L’un des enjeux est de conserver un équilibre entre l’harmonisation de l’application de ces droits et le respect de particularités nationales. L’European Media Freedom Act (EMFA) engage donc la responsabilité des Etats membres sur plusieurs points. Ils se chargeront notamment de mettre en place un organe indépendant chargé de contrôler l’effectivité des mesures mises en place.
“Les entreprises médiatiques ne peuvent pas être traitées comme toute autre entreprise”, disait Ursula von der Leyen, présidente de la Commission Européenne, en 2021. “Leur indépendance est essentielle”.
Ainsi le EMFA permettra d’abord de protéger les journalistes, en interdisant aux Etats membres d’utiliser sur eux des logiciels de surveillance et de les obliger à révéler leurs sources.
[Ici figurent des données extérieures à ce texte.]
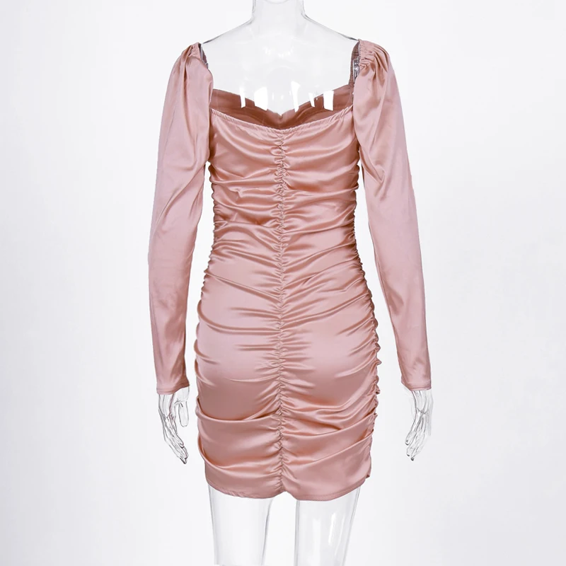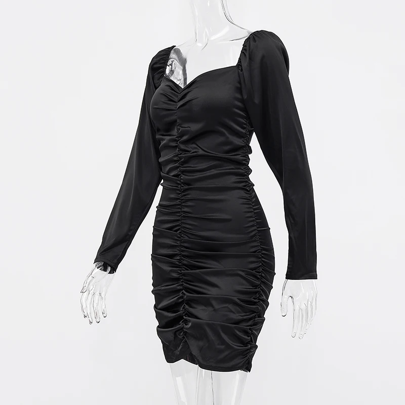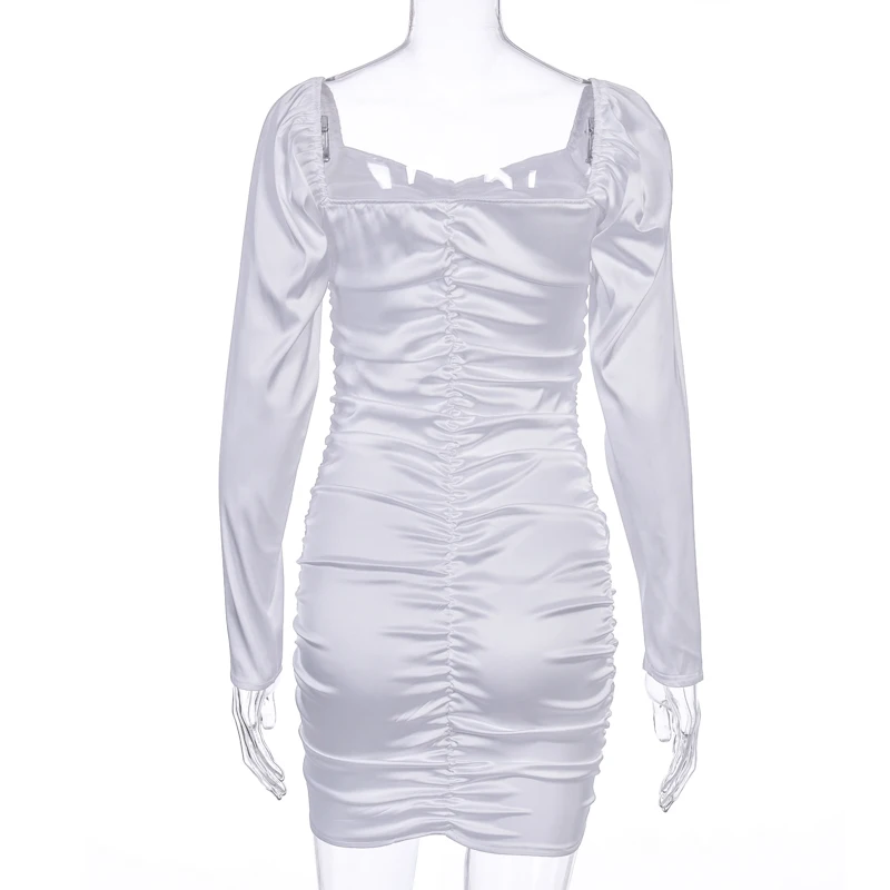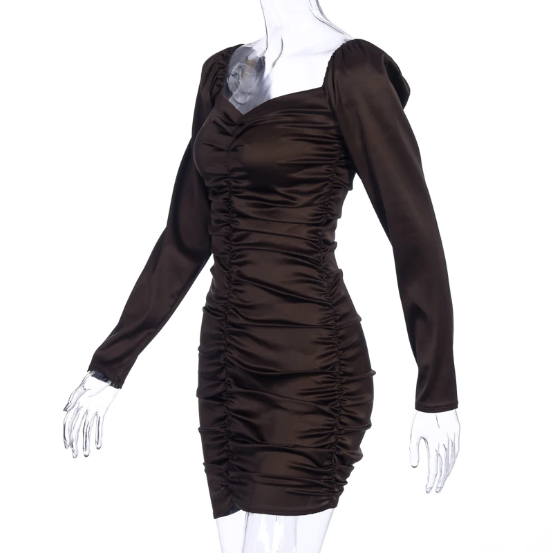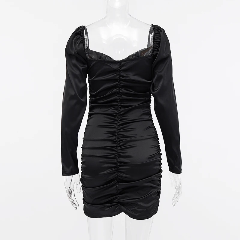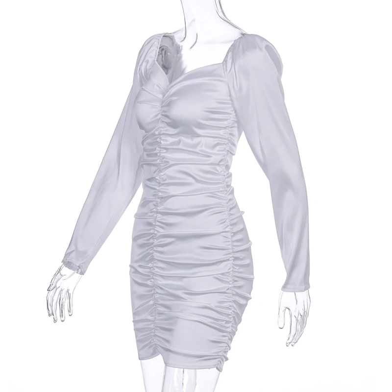 victoria’s vogue 2021 Long Puff Sleeve Slash Neck Satin Pleated Sexy Mini Dress Autumn Winter Women Solid Party Elegant Streetwear Outfi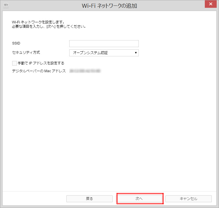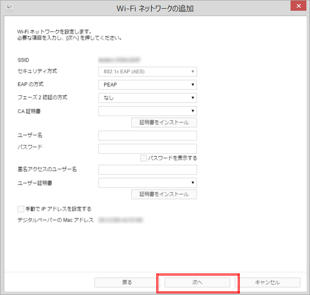 SSIDを入力し、必要な項目を入力した後、[次へ]をクリックします。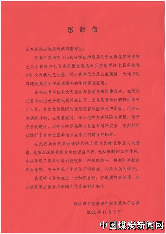 | 山东省煤田地质局第四勘探队收到潍坊市自然资源和规划局坊子分局感谢信 | |||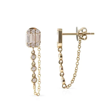 購買此產品(14K金)Angelica 鑽石鏈耳環 採用 18k純金 並具有令人驚嘆的 鑽石. 有售 白色、玫瑰色, 或者 黃金,這對耳環 BIS 標記 追求真實性。它們外觀精緻優雅,適合任何場合。 運送時間10-12個工作天, 和 客戶支援 可透過 即時聊天視訊通話.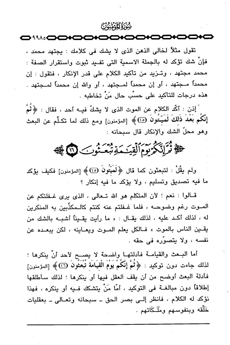 أما البعث والقيامة فأدلتها واضحة لا يصح لأحد أنْ ينكرها؛ لذلك جاءت دون توكيد: {ثُمَّ إِنَّكُمْ يَوْمَ القيامة تُبْعَثُونَ} [المؤمنون: 16] فأدلة البعث أوضح من أن يقف العقل فيها أو ينكرها؛ لذلك سأطلقها إطلاقاً دون مبالغة في التوكيد، أمّا مَنْ يتشكك فيه أو ينكره، فهذا نؤكد له الكلام، فانظر إلى بصر الحق - سبحانه وتعالى - بعقليات خَلْقه وبنفوسهم ومَلَكَاتهم.
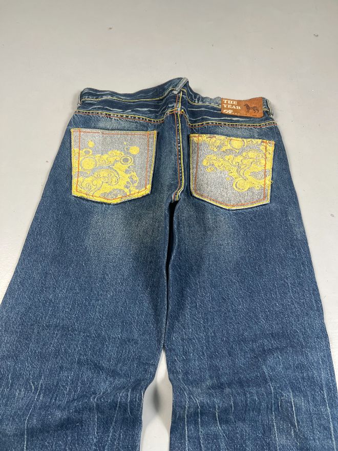 Step into unique Japanese craftsmanship with these Vintage ‘Year of the Golden’ Embroidered Denim Pants. This piece features bold, intricate embroidery that highlights traditional Japanese art themes, making it a standout item for collectors and fashion enthusiasts.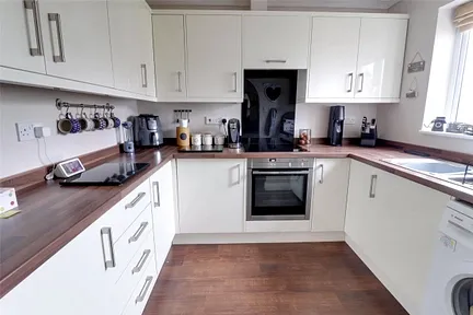 On the ground floor the kitchen is comprehensively fitted with quality appliances which include a washing machine, fridge, electric oven and induction hob along with the extractor fan over. There is a good selection of light coloured cupboards situated both above and below a wood effect roll top working surface. The separate dining room is large enough to accommodate a table and chairs. The living room is spacious with a sun room in place allowing access to the rear garden. A cloakroom/WC completes this level.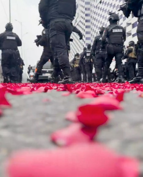 Helicóptero arroja pétalos de rosas para despedir a mando asesinado

Les gouvernements nationaux ne pourront déroger à cette règle qu’au cas par cas, sous certaines conditions. Les tout sans ôter aux journalistes les droits d’être informé de leur poursuite et de se défendre judiciairement. Les États membres n’auront plus le droit d’interférer dans les décisions éditoriales des médias.
En revanche, ils seront tenus de financer certains services médiatiques afin de leur garantir à la fois une sécurité économique (durabilité et prévisibilité) et l’indépendance. Leurs critères de financement devront viser une pluralité médiatique et être rendus publics. L’UE investit également 7.5 millions d’euros dans des partenariats journalistiques, afin de soutenir la résilience et la collaboration des médias au niveau continental.
L’EMFA contient d’autres mesures en faveur de la transparence de l’information, concernant notamment la méthodologie de mesure de l’audience. Mais il met surtout l’accent sur la transparence vis-à-vis des propriétaires des médias. En effet, toute entreprise médiatique devra publier ses propriétaires directs et indirects ainsi que les fonds qu’ils perçoivent de la part des Etats, notamment hors UE. Enfin les chefs des entreprises médiatiques devront être choisis par des procédures claires et non-discriminatoires.
Dans le monde virtuel, les médias supprimés des “très grandes plateformes en ligne” (VLOP, Very Large Online Platforms) sur la base de la non conformité desdits médias avec leurs conditions générales d’utilisation, auront désormais la possibilité de leur répondre dans un délai de 24 heures. Ils pourront également demander l’opinion, non contraignante, du nouveau Bord of Media Service. Cet organisme permettra de faciliter le dialogue entre VLOP, médias et société civile. Composé d’autorités médiatiques nationales, il aidera aussi la Commission européenne à proposer des lignes directrices à la politique médiatique.
La prochaine étape aura lieu au printemps 2024, lorsque le projet sera soumis au Parlement et au Conseil afin d’être adopté formellement. Il représenterait une avancée majeure pour contrer la désinformation, enjeu crucial dans un contexte de montée des populistes aujourd’hui.